## Activity
Your copy should match the listing below word for word, with no images in it.

## Given information
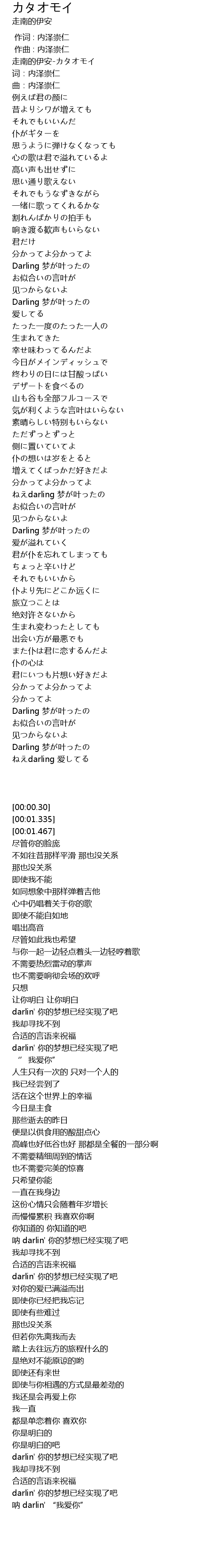 | [00:00.30] | 走南的伊安-カタオモイ |
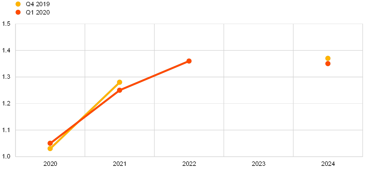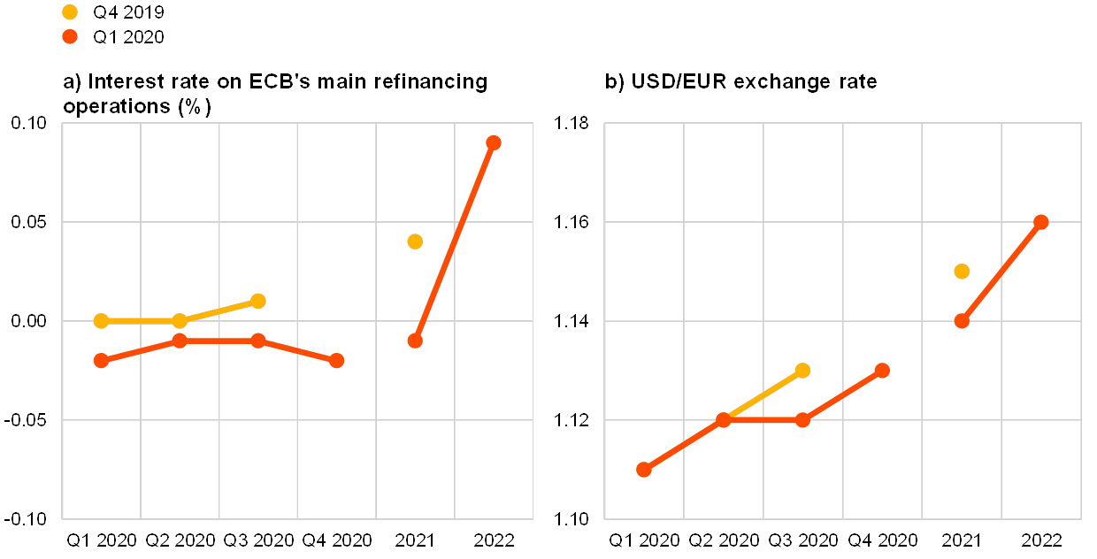 The average expected USD/EUR exchange rate was largely unchanged from the previous round and it is expected to appreciate marginally from around 1.12 in 2020, to 1.14 in 2021 and further to 1.15 in 2022 (see panel (b) in Chart 12).
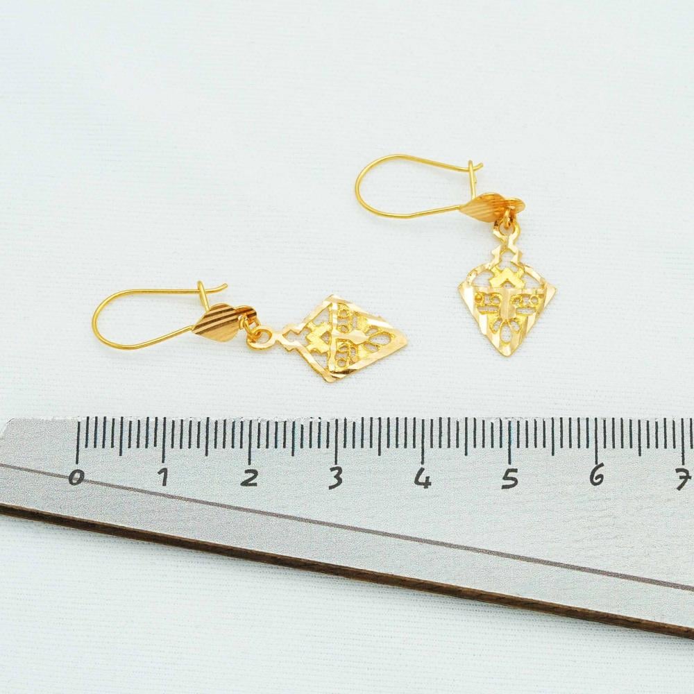 حلق ذهب يتدلى بكل نعومة ليزين أذنك بكل جاذبية، مصنوع من الذهب الأصلي عيار 21، دعيني أخبرك بأنه يناسب فقط النساء صاحبات الذوق الرفيع.
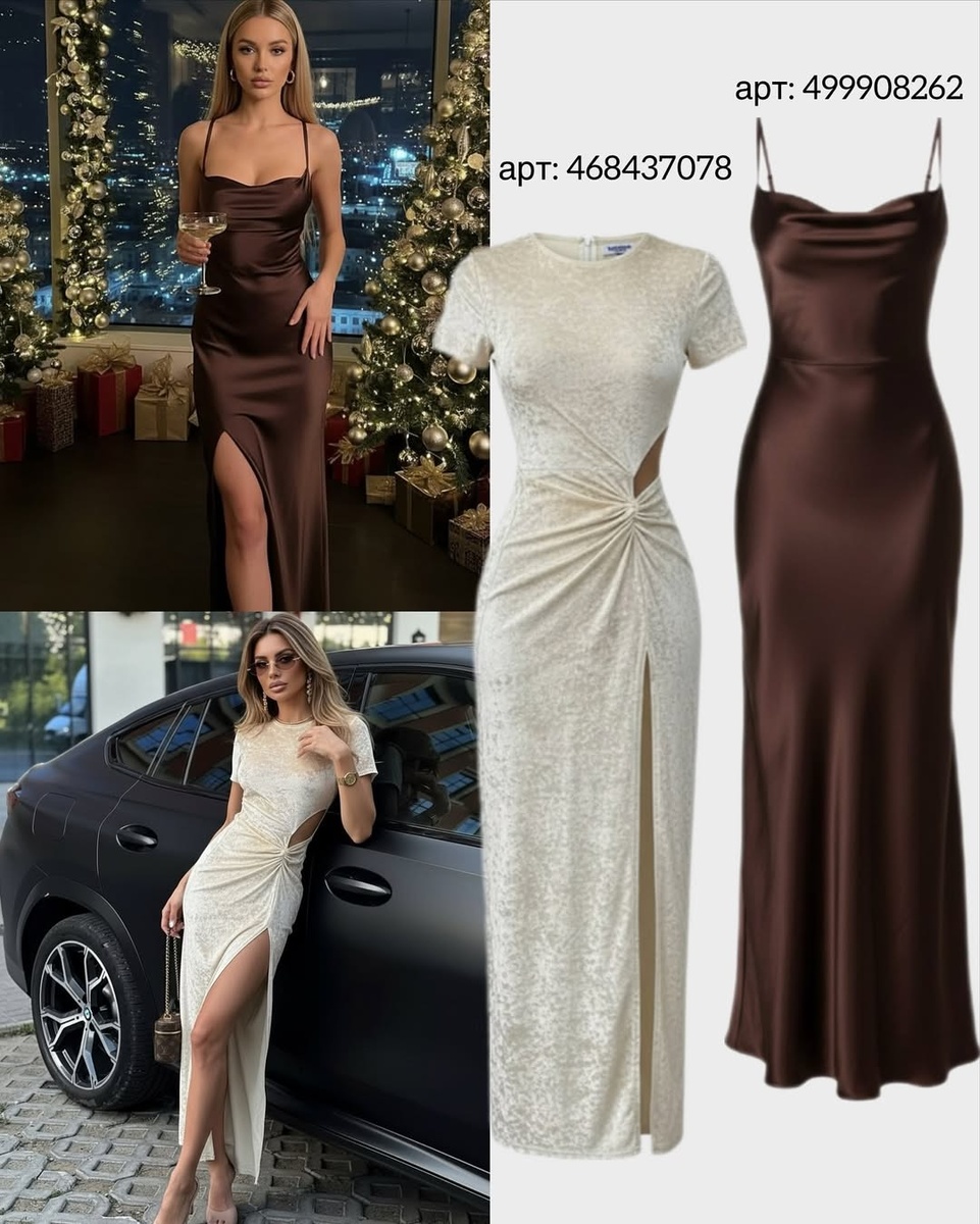 Эта подборка создана именно для торжественных вечеров, праздничных фотосессий, ресторанных ужинов и, конечно, самой новогодней ночи. Здесь вы найдете как сияние шампанского, так и глубокий благородный блеск шоколадного атласа, как игривость мини, так и драматичность длинных вечерних силуэтов.

## Written solution
 | [00:00.30] | 走南的伊安-カタオモイ |
 The average expected USD/EUR exchange rate was largely unchanged from the previous round and it is expected to appreciate marginally from around 1.12 in 2020, to 1.14 in 2021 and further to 1.15 in 2022 (see panel (b) in Chart 12).
 حلق ذهب يتدلى بكل نعومة ليزين أذنك بكل جاذبية، مصنوع من الذهب الأصلي عيار 21، دعيني أخبرك بأنه يناسب فقط النساء صاحبات الذوق الرفيع.
 Эта подборка создана именно для торжественных вечеров, праздничных фотосессий, ресторанных ужинов и, конечно, самой новогодней ночи. Здесь вы найдете как сияние шампанского, так и глубокий благородный блеск шоколадного атласа, как игривость мини, так и драматичность длинных вечерних силуэтов.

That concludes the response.